### Task brief:
This task calls for the lines below starting at the one containing "Sada velikonočních plastových" and ending at the one containing "ЛЮКС гвоздика красная", repeated exactly with both ends kept and pictures left out.

### Records from a dataset:
○ ○ ○ ○ ○ ○ ○

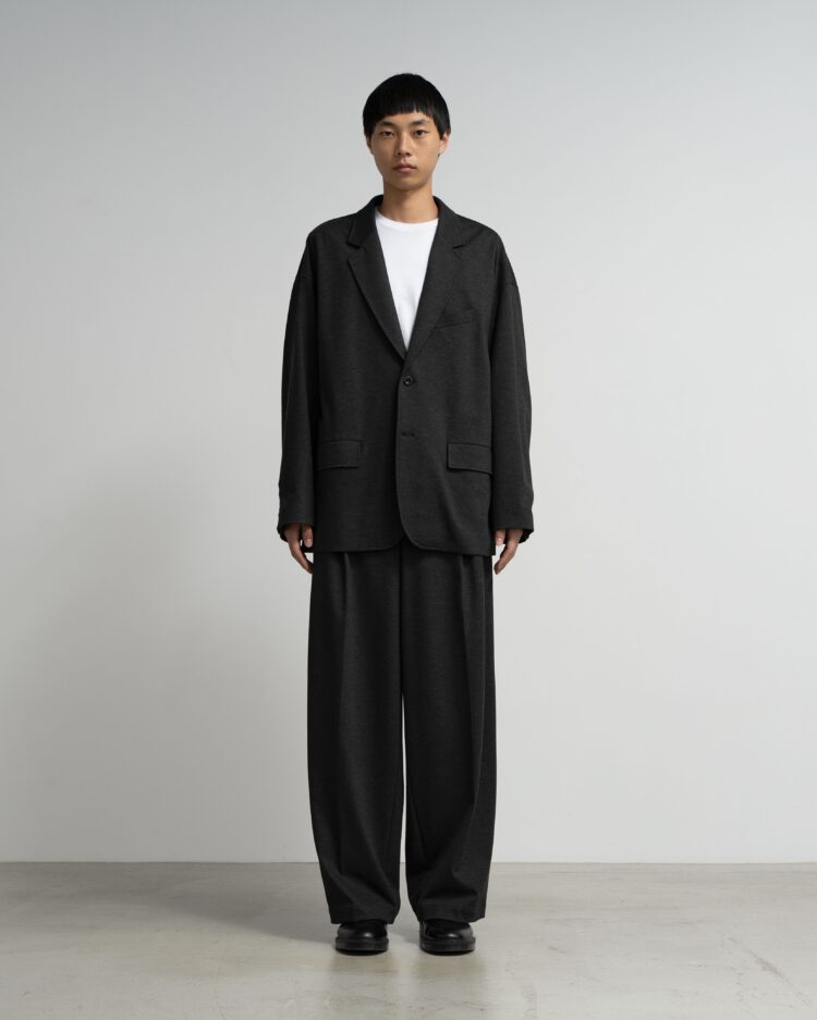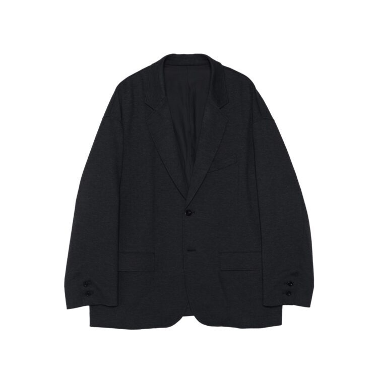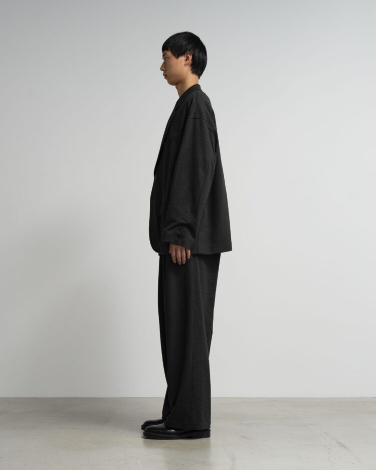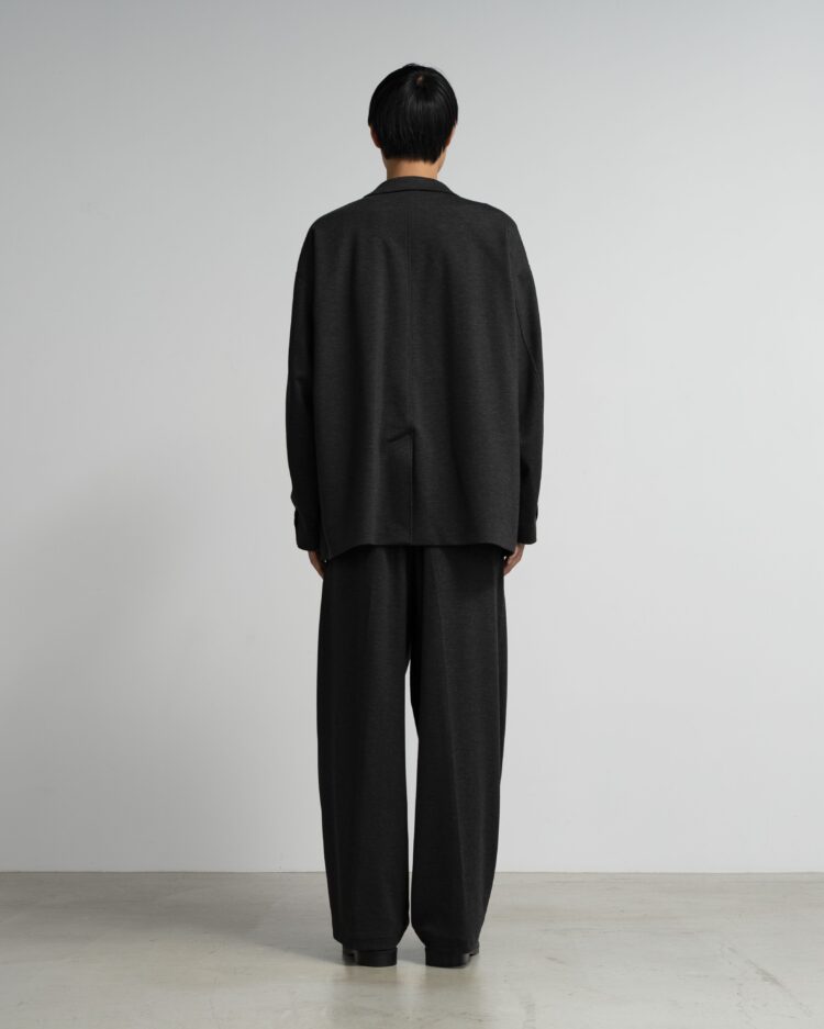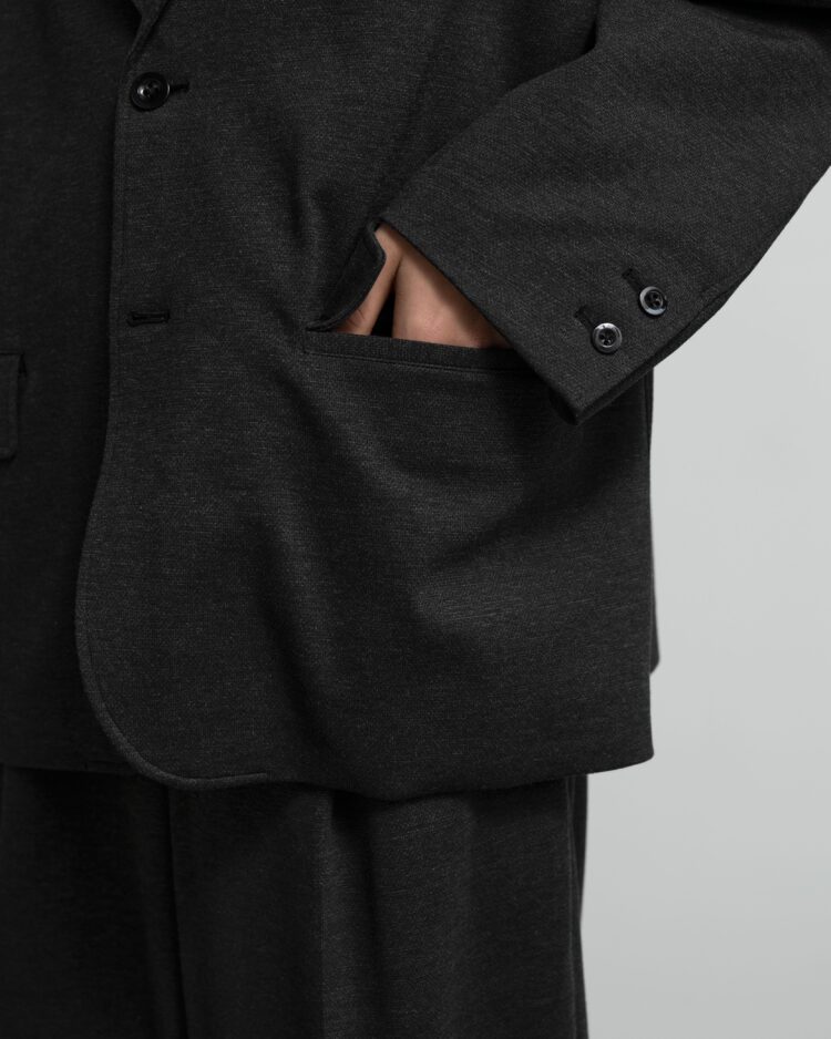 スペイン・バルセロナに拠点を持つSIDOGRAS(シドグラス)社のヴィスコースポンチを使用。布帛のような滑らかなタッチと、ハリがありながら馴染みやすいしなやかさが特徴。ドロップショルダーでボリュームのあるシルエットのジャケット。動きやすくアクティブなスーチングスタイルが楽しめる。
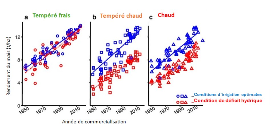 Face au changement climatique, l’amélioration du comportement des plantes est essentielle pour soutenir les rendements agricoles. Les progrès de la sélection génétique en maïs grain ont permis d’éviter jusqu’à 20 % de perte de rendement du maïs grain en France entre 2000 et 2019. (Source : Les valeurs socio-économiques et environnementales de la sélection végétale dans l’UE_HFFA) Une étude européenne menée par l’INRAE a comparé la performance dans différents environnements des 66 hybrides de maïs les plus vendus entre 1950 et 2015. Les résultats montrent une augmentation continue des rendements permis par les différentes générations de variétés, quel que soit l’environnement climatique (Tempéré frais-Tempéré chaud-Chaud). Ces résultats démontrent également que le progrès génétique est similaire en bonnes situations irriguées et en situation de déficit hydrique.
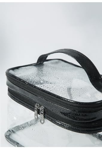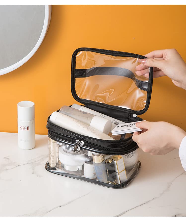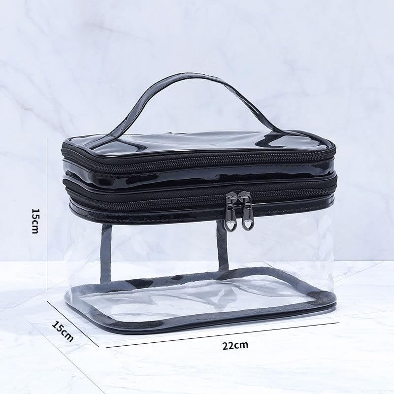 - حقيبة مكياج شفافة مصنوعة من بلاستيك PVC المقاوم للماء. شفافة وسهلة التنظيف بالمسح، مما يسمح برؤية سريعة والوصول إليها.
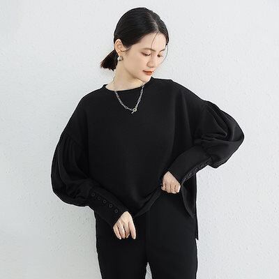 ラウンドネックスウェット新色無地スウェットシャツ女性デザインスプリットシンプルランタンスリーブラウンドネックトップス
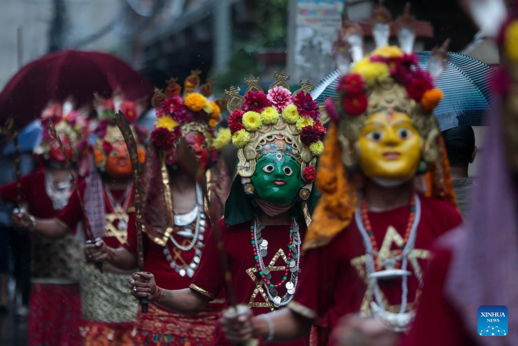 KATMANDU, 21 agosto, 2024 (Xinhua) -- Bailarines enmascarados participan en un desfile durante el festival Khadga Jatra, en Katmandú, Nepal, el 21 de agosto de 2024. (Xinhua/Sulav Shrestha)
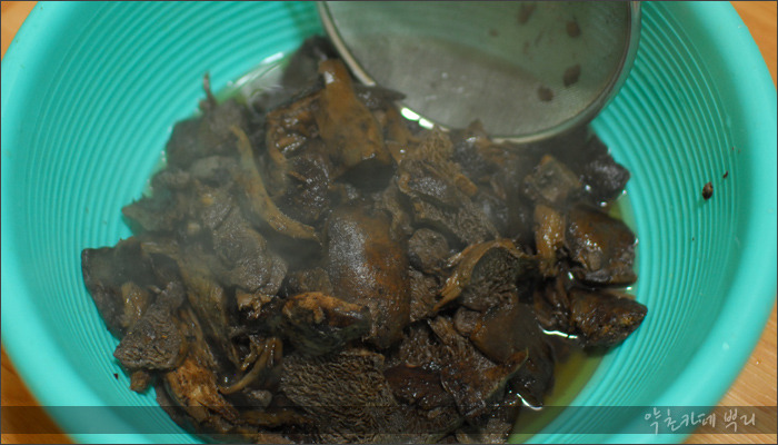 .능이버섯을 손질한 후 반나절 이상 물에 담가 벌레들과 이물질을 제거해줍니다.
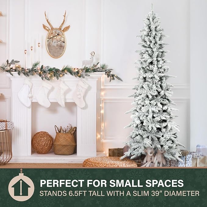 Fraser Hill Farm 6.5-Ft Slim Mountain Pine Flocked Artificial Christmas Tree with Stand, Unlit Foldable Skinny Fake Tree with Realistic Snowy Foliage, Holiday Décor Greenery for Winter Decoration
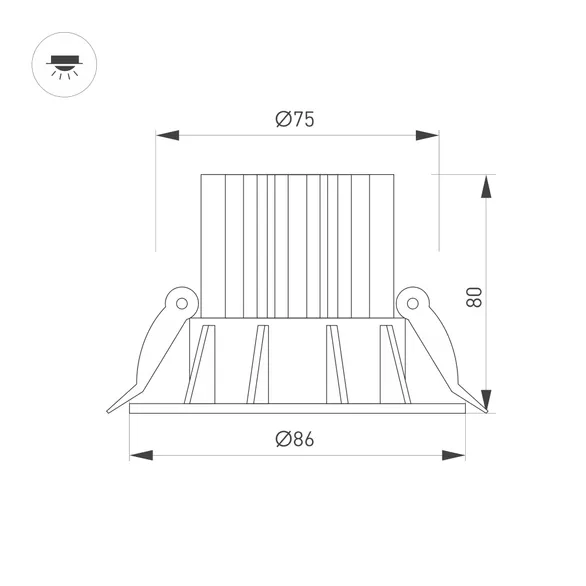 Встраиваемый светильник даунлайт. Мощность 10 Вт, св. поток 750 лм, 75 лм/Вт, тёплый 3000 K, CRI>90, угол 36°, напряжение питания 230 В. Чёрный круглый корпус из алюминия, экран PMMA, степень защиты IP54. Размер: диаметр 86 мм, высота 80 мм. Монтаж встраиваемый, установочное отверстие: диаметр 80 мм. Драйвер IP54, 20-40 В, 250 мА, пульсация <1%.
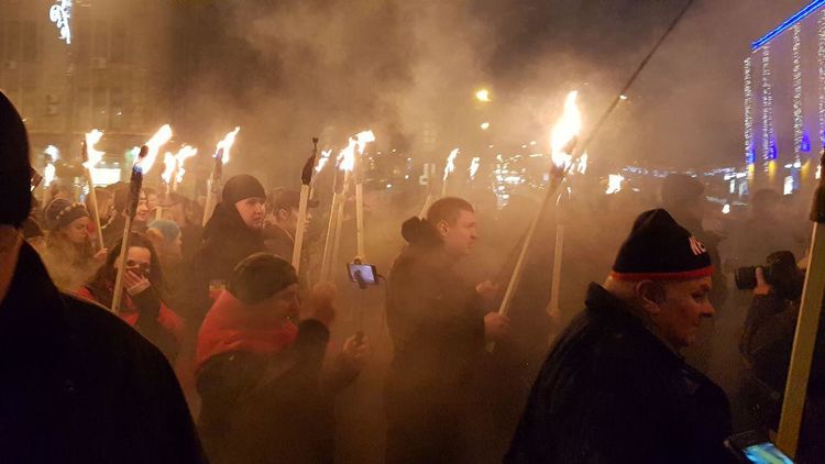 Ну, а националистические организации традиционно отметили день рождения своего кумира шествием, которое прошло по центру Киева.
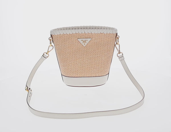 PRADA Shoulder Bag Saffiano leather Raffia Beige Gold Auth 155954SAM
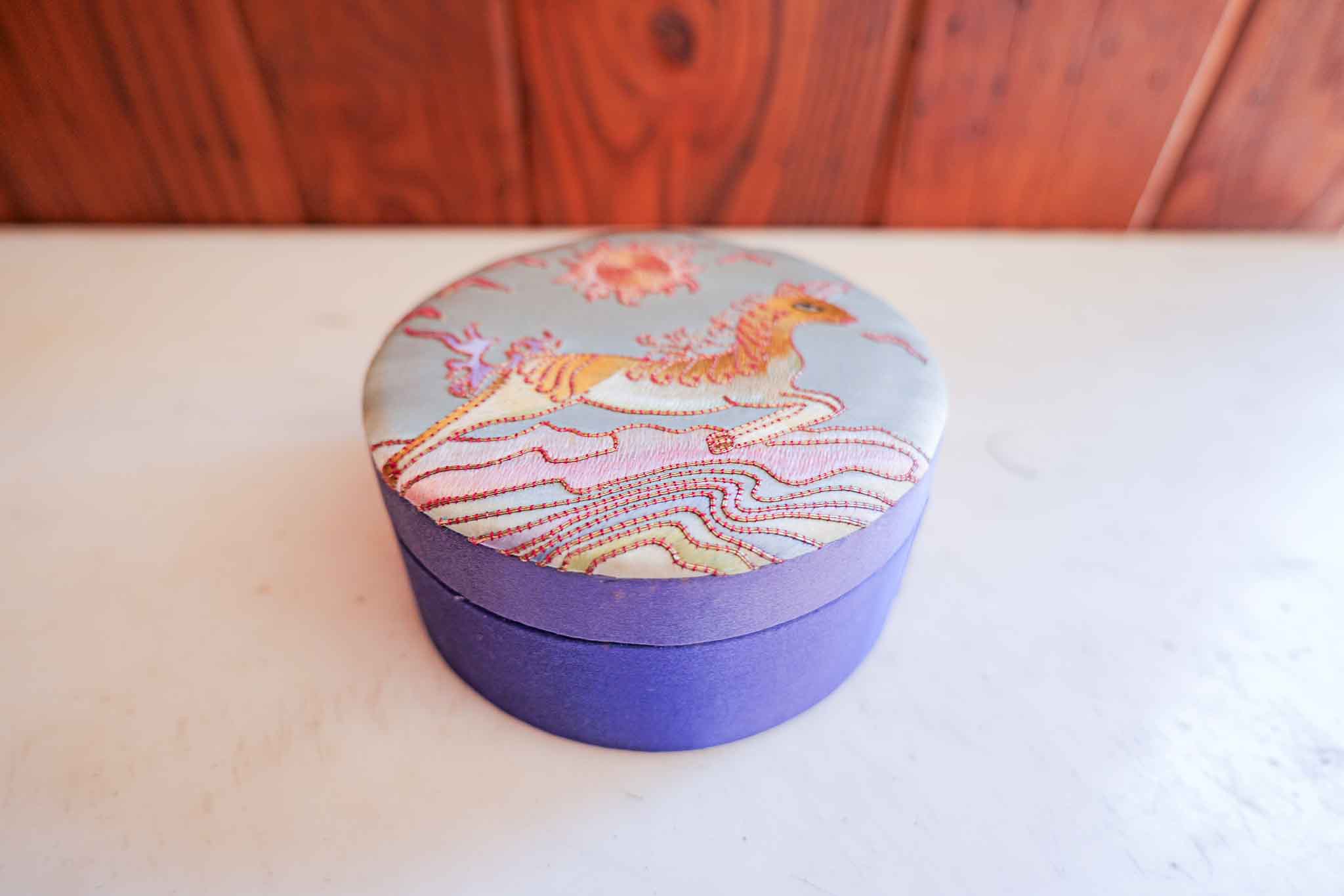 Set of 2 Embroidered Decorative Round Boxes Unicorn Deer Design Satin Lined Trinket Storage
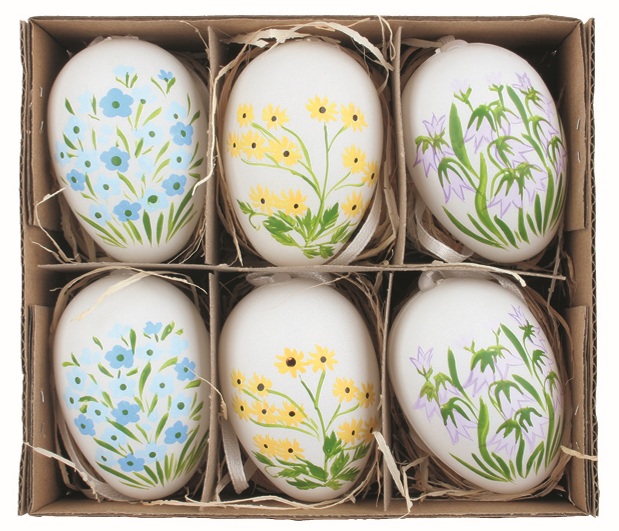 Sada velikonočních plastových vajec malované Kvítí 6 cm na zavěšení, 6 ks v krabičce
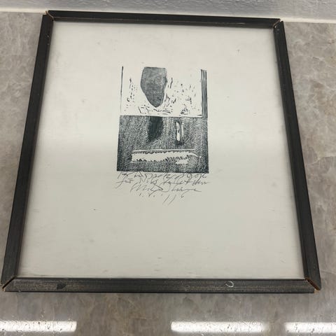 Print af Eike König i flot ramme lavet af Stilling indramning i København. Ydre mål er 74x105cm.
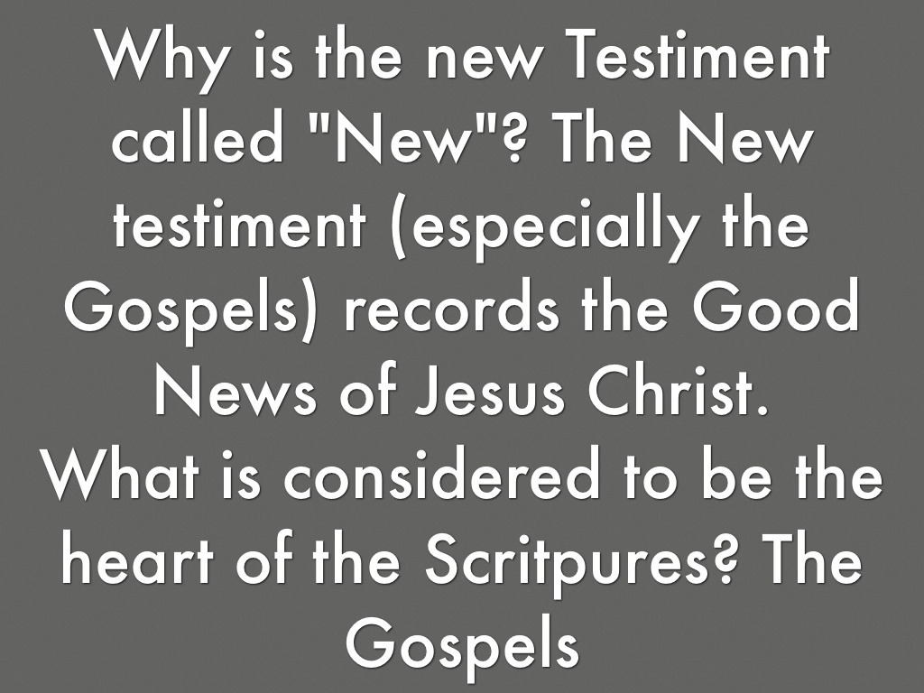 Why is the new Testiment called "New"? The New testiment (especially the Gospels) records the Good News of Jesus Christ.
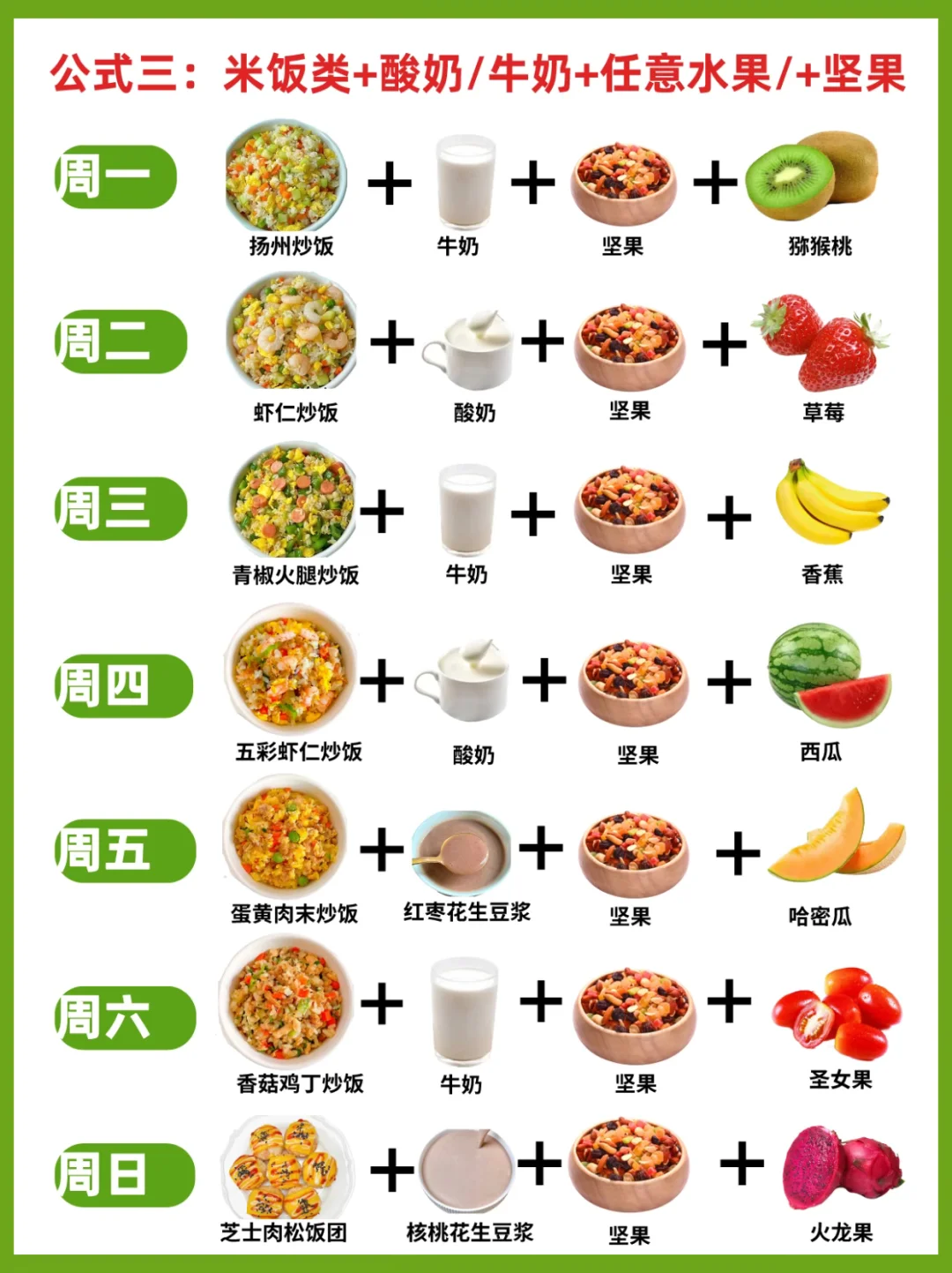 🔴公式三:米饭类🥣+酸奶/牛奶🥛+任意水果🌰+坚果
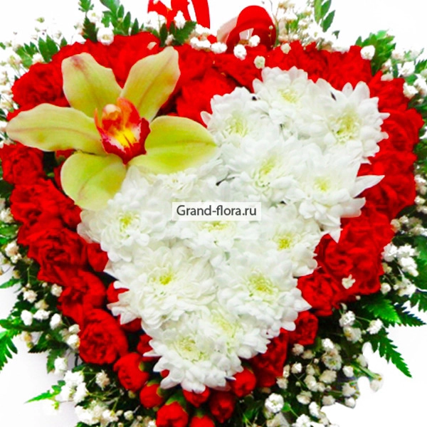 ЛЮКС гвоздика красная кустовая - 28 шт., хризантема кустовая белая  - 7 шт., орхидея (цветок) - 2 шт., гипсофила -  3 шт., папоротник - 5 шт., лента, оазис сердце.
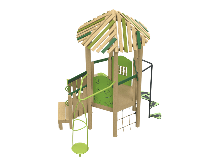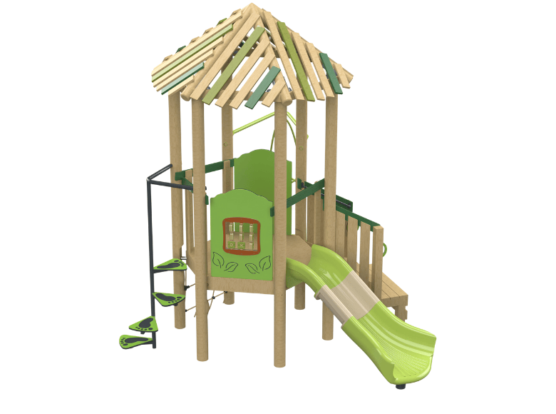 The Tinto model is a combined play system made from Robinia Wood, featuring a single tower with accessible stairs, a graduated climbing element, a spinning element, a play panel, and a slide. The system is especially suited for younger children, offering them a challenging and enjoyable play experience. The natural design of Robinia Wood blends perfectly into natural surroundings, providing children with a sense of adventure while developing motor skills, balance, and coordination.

○ ○ ○ ○ ○ ○ ○

### Problem solution:
 Sada velikonočních plastových vajec malované Kvítí 6 cm na zavěšení, 6 ks v krabičce
 Print af Eike König i flot ramme lavet af Stilling indramning i København. Ydre mål er 74x105cm.
 Why is the new Testiment called "New"? The New testiment (especially the Gospels) records the Good News of Jesus Christ.
 🔴公式三:米饭类🥣+酸奶/牛奶🥛+任意水果🌰+坚果
 ЛЮКС гвоздика красная кустовая - 28 шт., хризантема кустовая белая  - 7 шт., орхидея (цветок) - 2 шт., гипсофила -  3 шт., папоротник - 5 шт., лента, оазис сердце.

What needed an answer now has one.